A spurned enchantress takes her revenge on others – including changing them into pigs – in Pietro Andrea Ziani’s opera La Circe, which was written in 1665, but is having its modern premiere this week by Ars Minerva. The production, at ODC Theater, is directed by Celine Ricci, who will also be singing the title role. This is the third production by Ars Minerva of an Italian Baroque opera that would otherwise remain unperformed on a library shelf.

You can find out more about the production at the Ars Minerva website.

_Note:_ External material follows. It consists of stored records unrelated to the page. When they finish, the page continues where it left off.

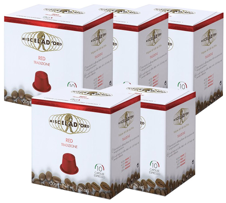 Capsules compatible with Nespresso* Original machines. Red Tradizione capsules by Miscela d'Oro. A strong coffee with notes of toasted bread created by an Italian roaster. For a coffee with a round body and lingering aftertaste. Capsules compatible with Nespresso* Original . 5 packs of 10 capsules.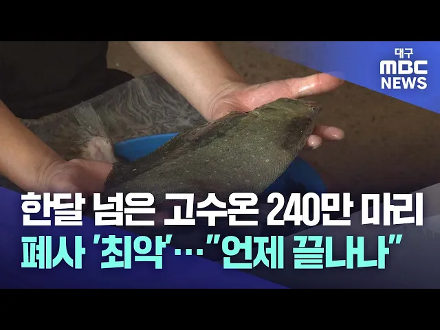 ◀앵커▶9월 중순으로 접어드는데도 폭염이 이어지자 경북 동해안 양식장에선 폐사가 속출하고 있습니다.지금까지 240만 마리가 폐사해 최악의 피해를 기록하고 있는데요.추석을 앞둔 지금까지도 고수온 피해가 이어지면서 양식 어민들은 출하마저 제때 하지 못해 심각한 경영난을 겪고 있습니다.장성훈 기자입니다.◀기자▶경...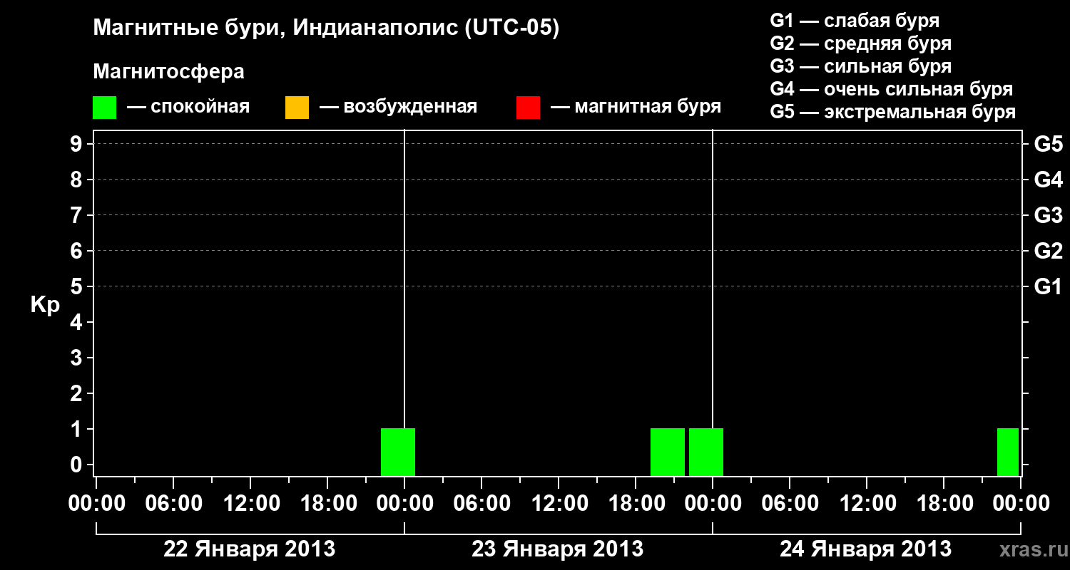 Изменения геомагнитного индекса Kp с 22 по 24 января 2013 года для средних широт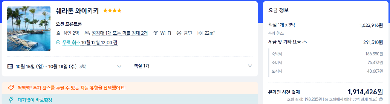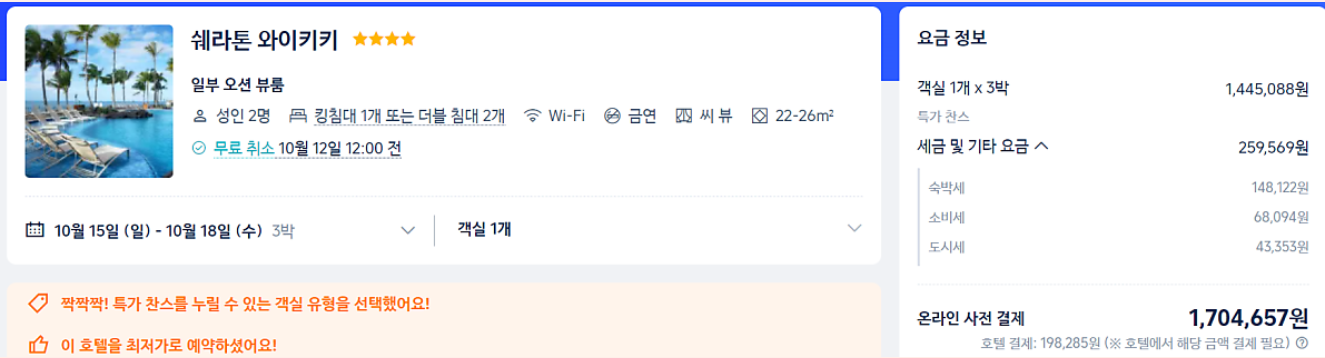 다음에는 호텔 가격비교사이트 중 하나인 호텔스컴바인에서 동일하게 10월 15일~18일 쉐라톤 와이키키를 검색해 보았다.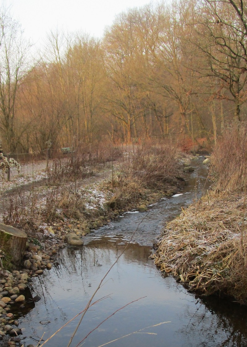 Diesen fast ins Schwarz-Weiss abgleitenden Aspekt ersetze ich im Folgenden durch die Fortsetzung meiner Moorbekwanderung – jetzt nach Wiesenstrecke entlang des Waldrands.

This is the same sorceress who appears in the Odyssey, keeping Ulysses (in the Roman mythology, or Odysseus in the Greek) from getting home from the Trojan War. “The opera starts when Ulysses escapes,” Ricci explains. “So Circe goes crazy, right? She’s going to use her power and anger on anyone on her island to make them suffer in a way the way she suffers because Ulysses has escaped…  I see it like a wonderland, with this crazy magician on this isle, and everyone has to go into her emotions. And the story is almost like a huge hallucination.”  The semi-staged production (accompanied by a Baroque chamber ensemble with theorbo, violins and continuo) also includes an acrobat. In the course of her research, Ricci found that La Circe actually had already had a second run, but only fifteen years after its premiere in Vienna, when it was part of the Carnival in Venice, where Ziani had relocated. It’s a tragicomedy that never gets too tragic, she says. “Those operas, composed by those Venetian composers, always alternate drama and comedy very very very fast. And I think it was the taste of people at that time, right, it was what they enjoyed the most it’s changing of emotions very very quick.” And while she says it’s a challenge to both direct and sing the title role, when she sang Cleopatra with Ars Minerva in 2015, it was more of a featured role. “The opera is Circe, but actually I think that every character in the opera has to sing almost as much. Everyone is important and it’s really a team work, like a troupe.”